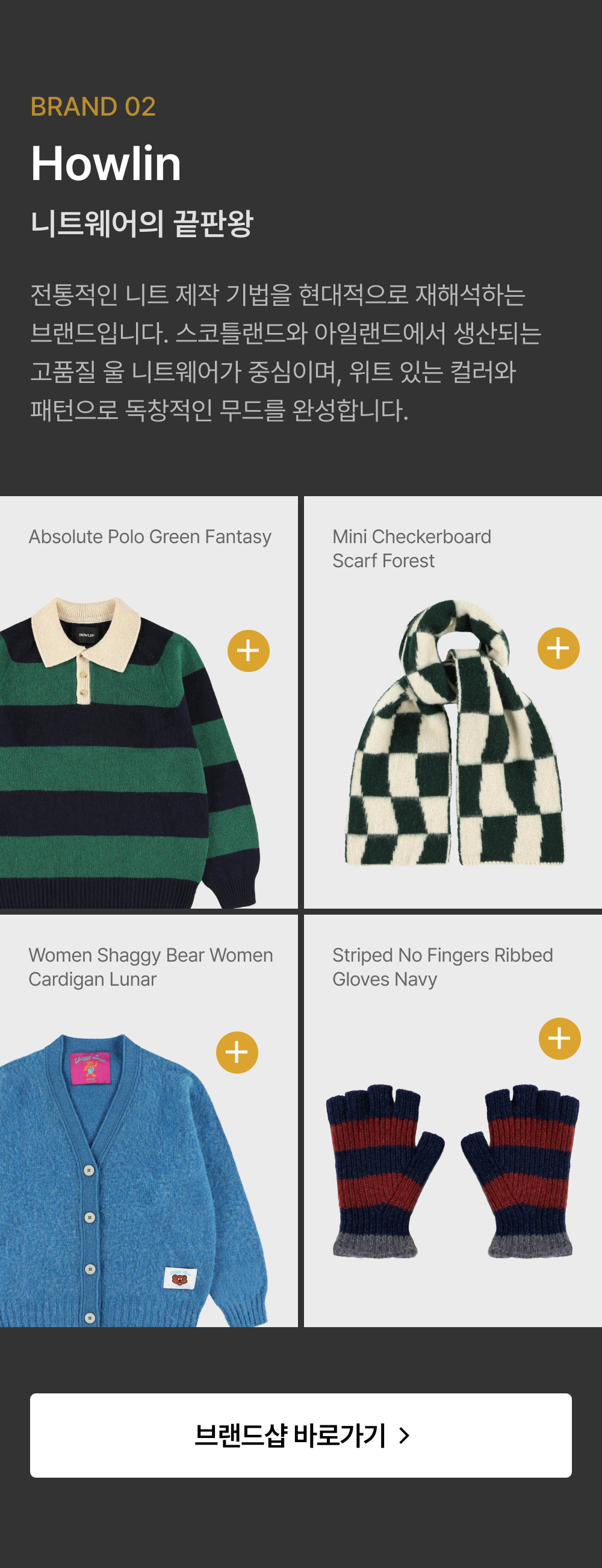 하울린 스트라이프 노 핑거 립 글러브 우드 - 25FW
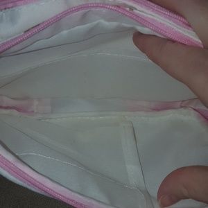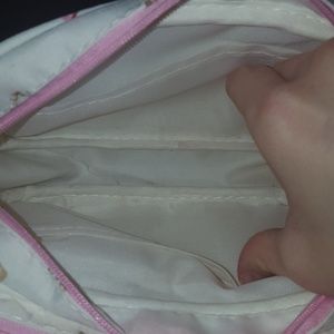 Makeup bag from Japanese lolita brand Baby the Stars Shine Bright. Teddy bear, star, card, bow, and crown print in pink, white, and brown. Super cute, but has some marks from makeup storage on the inside. Exterior bottom has barely visible scuffs; all marks should come out with a washing, but price is marked down to reflect wear. Used once.
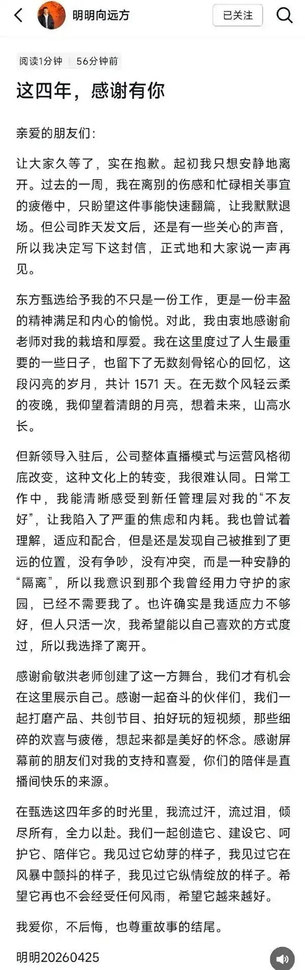 明明表示:“由衷地感谢俞老师对我的栽培和厚爱。我在这里度过了人生最重要的一些日子,也留下了无数刻骨铭心的回忆,这段闪亮的岁月,共计 1571 天。在无数个风轻云柔的夜晚,我仰望着清朗的月亮,想着未来,山高水长。但新领导入驻后,公司整体直播模式与运营风格彻底改变,这种文化上的转变,我很难认同。日常工作中,我能清晰感受到新任管理层对我的“不友好”,让我陷入了严重的焦虑和内耗。我也曾试着理解,适应和配合,但是还是发现自己被推到了更远的位置,没有争吵,没有冲突,而是一种安静的“隔离”,所以我意识到那个我曾经用力守护的家园,已经不需要我了。也许确实是我适应力不够好,但人只活一次,我希望能以自己喜欢的方式度过,所以我选择了离开。”
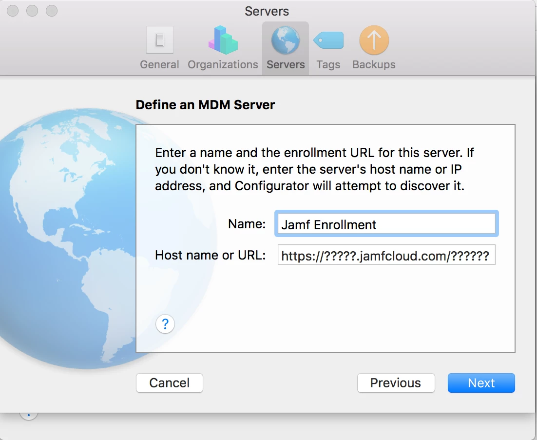 I am using configurator to enroll our devices. Can someone please point me to the correct URL for Jamf cloud servers? There is no documentation.

····················

[Problem statement] Retype the data above exactly. Leave the pictures out.

[Exercise answer]
 하울린 스트라이프 노 핑거 립 글러브 우드 - 25FW
 Makeup bag from Japanese lolita brand Baby the Stars Shine Bright. Teddy bear, star, card, bow, and crown print in pink, white, and brown. Super cute, but has some marks from makeup storage on the inside. Exterior bottom has barely visible scuffs; all marks should come out with a washing, but price is marked down to reflect wear. Used once.
 明明表示:“由衷地感谢俞老师对我的栽培和厚爱。我在这里度过了人生最重要的一些日子,也留下了无数刻骨铭心的回忆,这段闪亮的岁月,共计 1571 天。在无数个风轻云柔的夜晚,我仰望着清朗的月亮,想着未来,山高水长。但新领导入驻后,公司整体直播模式与运营风格彻底改变,这种文化上的转变,我很难认同。日常工作中,我能清晰感受到新任管理层对我的“不友好”,让我陷入了严重的焦虑和内耗。我也曾试着理解,适应和配合,但是还是发现自己被推到了更远的位置,没有争吵,没有冲突,而是一种安静的“隔离”,所以我意识到那个我曾经用力守护的家园,已经不需要我了。也许确实是我适应力不够好,但人只活一次,我希望能以自己喜欢的方式度过,所以我选择了离开。”
 I am using configurator to enroll our devices. Can someone please point me to the correct URL for Jamf cloud servers? There is no documentation.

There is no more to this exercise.